The argument at the heart of the Geometry of Trust framework is that language models don’t just produce outputs — they have measurable internal structure. Value-relevant concepts like honesty, deception, courage, and cowardice correspond to directions in the model’s high-dimensional hidden space. This isn’t speculation — it’s an empirical finding from mechanistic interpretability research. These directions are approximately linear, they’re consistent across inputs, and they’re readable directly from the model’s weights without needing to observe any outputs at all.
If that’s true — if models have genuine geometric structure encoding value-relevant concepts — then we can measure it. We can ask whether “honesty” and “helpfulness” reinforce or compete inside a model. We can check whether a model’s internal geometry matches the values its operators claim it has. We can detect contradictions that behavioural testing would never surface.
But to measure any of this, we need the right ruler. And the obvious ruler — Euclidean distance — gets it wrong.
The Problem: Euclidean Distance Lies
If I asked you how far apart “courage” and “cowardice” are inside an AI model, you’d probably reach for the obvious tool: Euclidean distance. Subtract the vectors, square the differences, add them up.
The problem? That treats every dimension of the model’s internal space as equally important. And they’re not. Some dimensions have an outsized effect on what the model actually outputs. Others are basically noise. Measuring distance without knowing which dimensions matter is like measuring the gap between two cities on a map where the scale changes depending on which direction you look.

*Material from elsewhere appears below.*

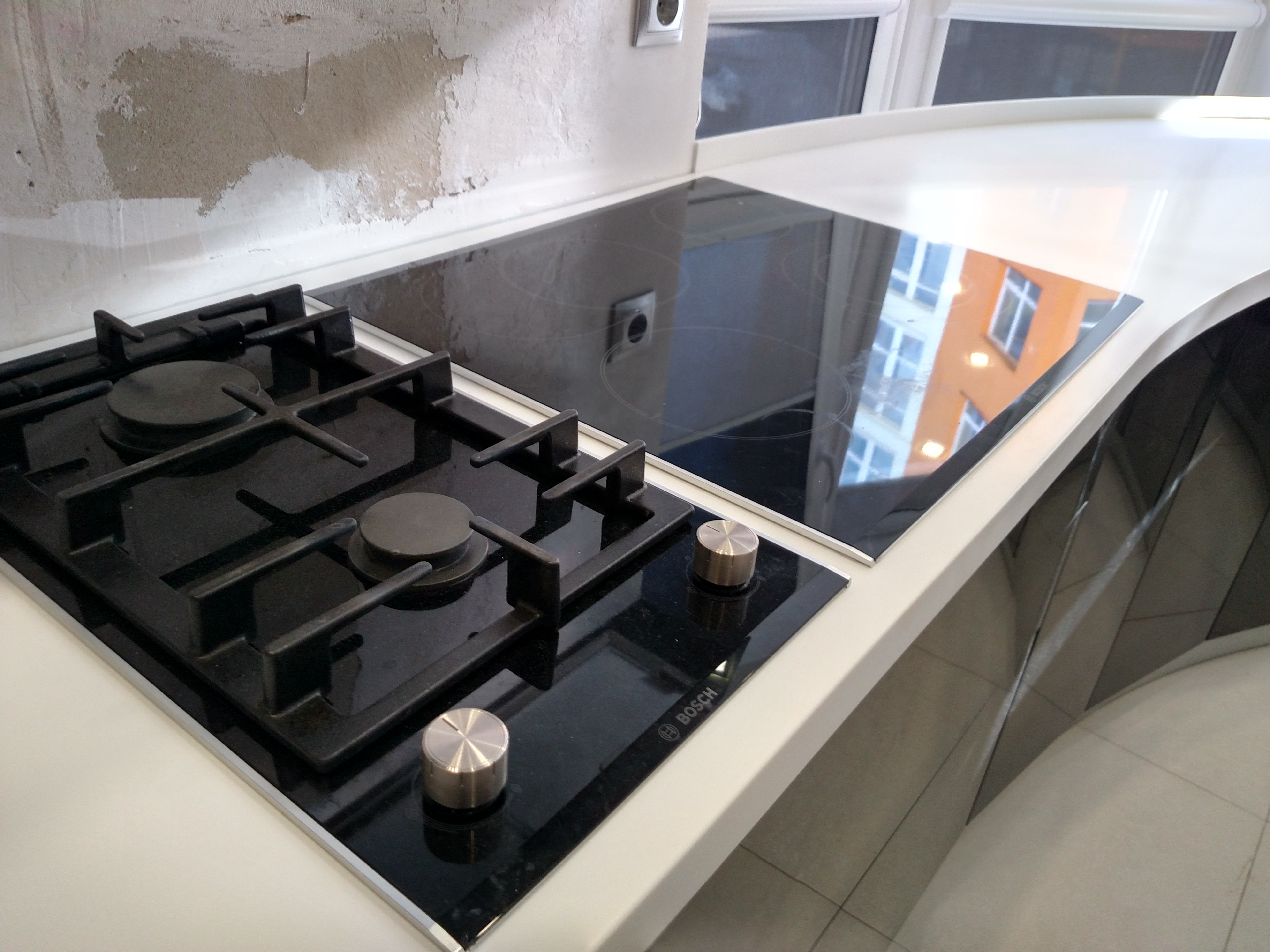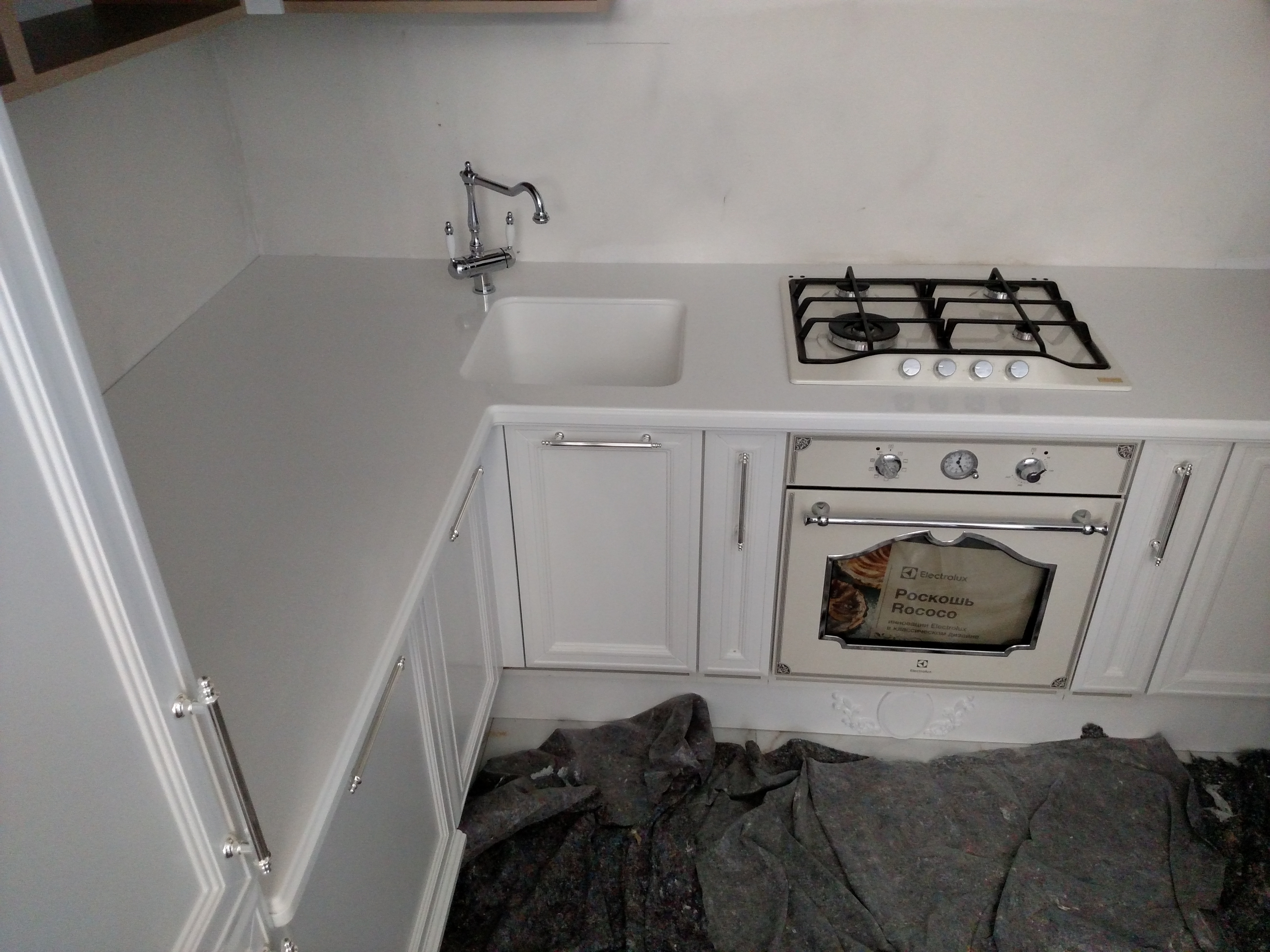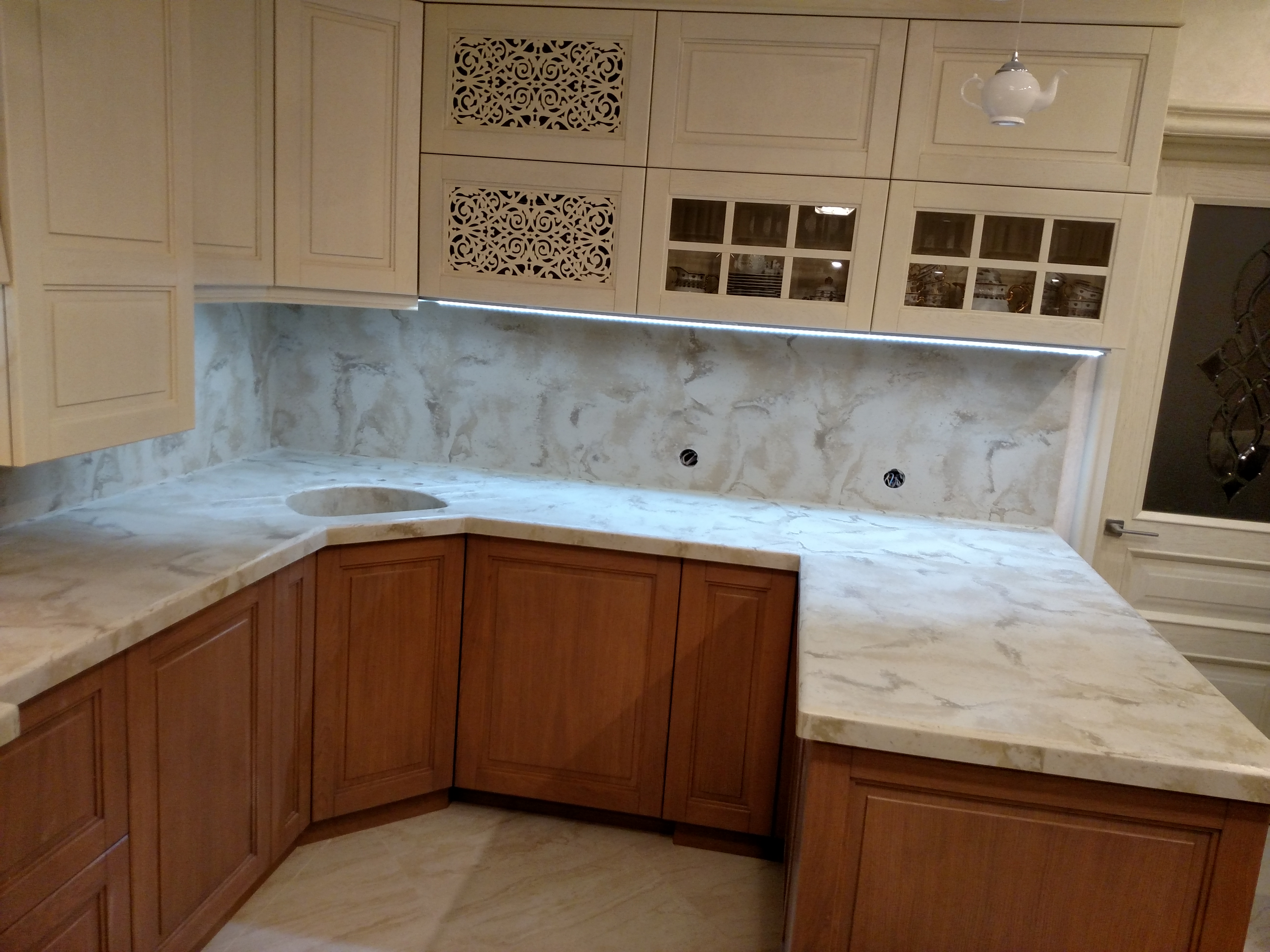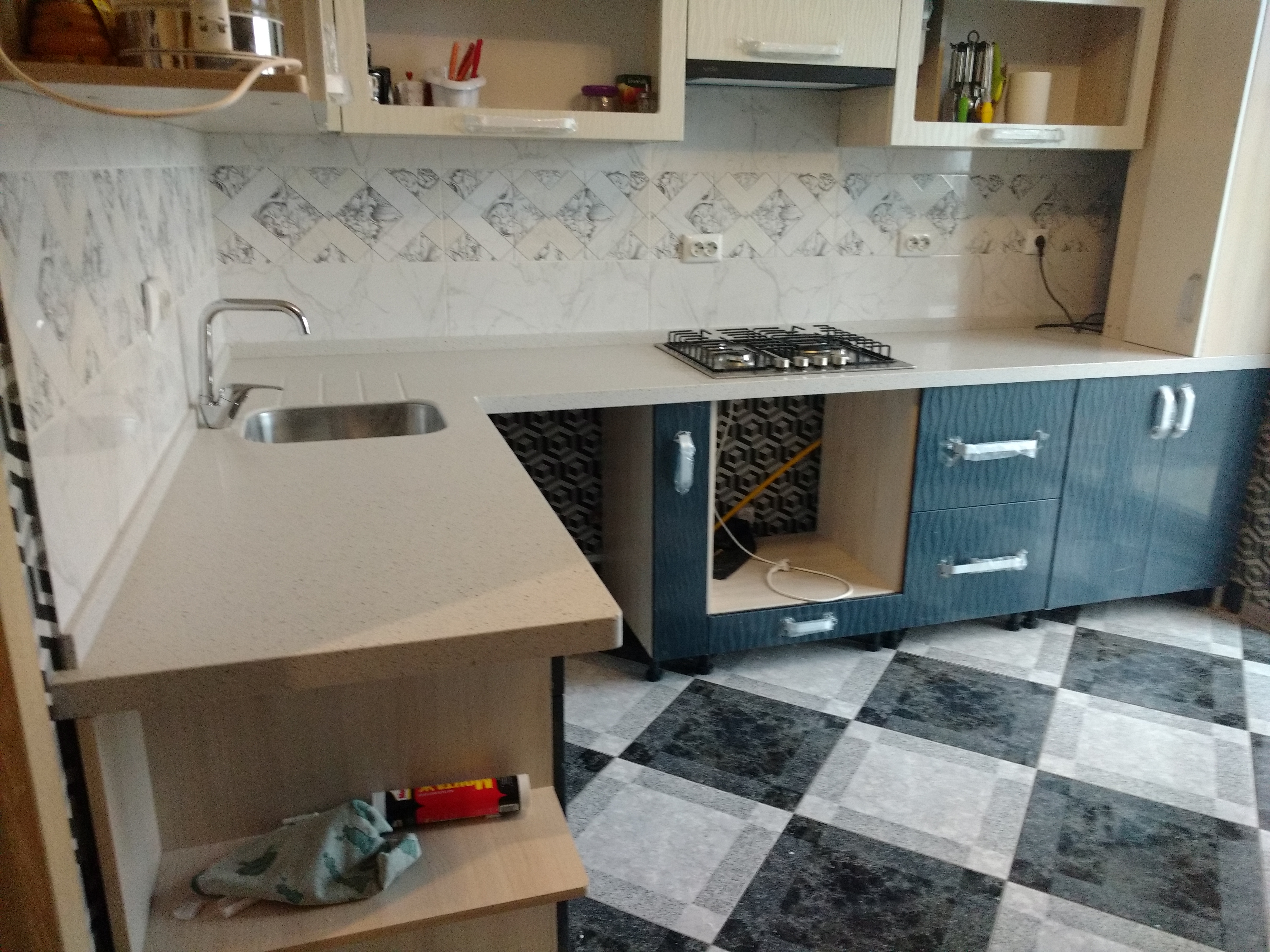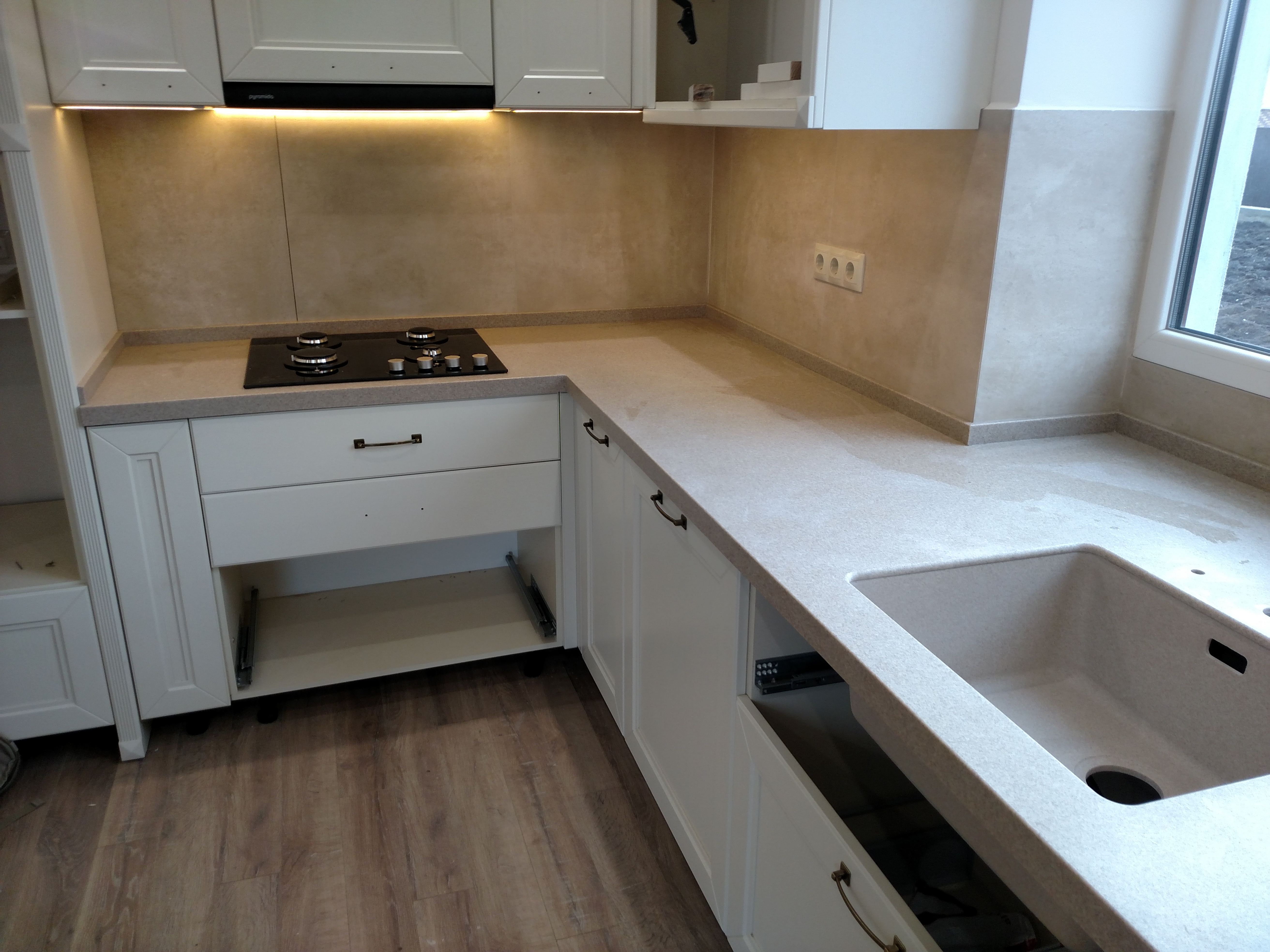 Приклад на фото. Розмір стільниці зі штучного каменю: 1800x2500 мм. Глибина обох сторін: 600 мм. У вартість стільниці входить: внутрішній, зовнішній радіус і мийка. Ціна даної стільниці зі штучного каменю 1450$.

This post walks through the maths behind the causal Gram matrix — the “ruler” at the heart of the Geometry of Trust framework — and shows why it changes everything about how we measure values inside language models.
The Setup: A Tiny Unembedding Matrix
A transformer maps hidden states to output probabilities via its unembedding matrix U. Each row of U corresponds to a vocabulary token. For our worked example, we’ll use a 4×2 matrix where the rows represent value-relevant concepts:
courage = [ 0.9, 0.1]
honesty = [ 0.8, 0.2]
deception = [-0.7, 0.3]
cowardice = [-0.8, -0.1]
Each row is a point in 2D space. The positive values cluster together; the negative values cluster together. So far, intuitive.
But here’s what matters: U doesn’t encode values. It defines which activation directions matter for output. The values themselves live in the model’s activations — the hidden states flowing through the residual stream during inference. U is the lens.
Computing the Gram Matrix
The Gram matrix is Φ = UᵀU. We transpose U, multiply, and get a square matrix whose size matches the hidden dimension (2×2 in our case).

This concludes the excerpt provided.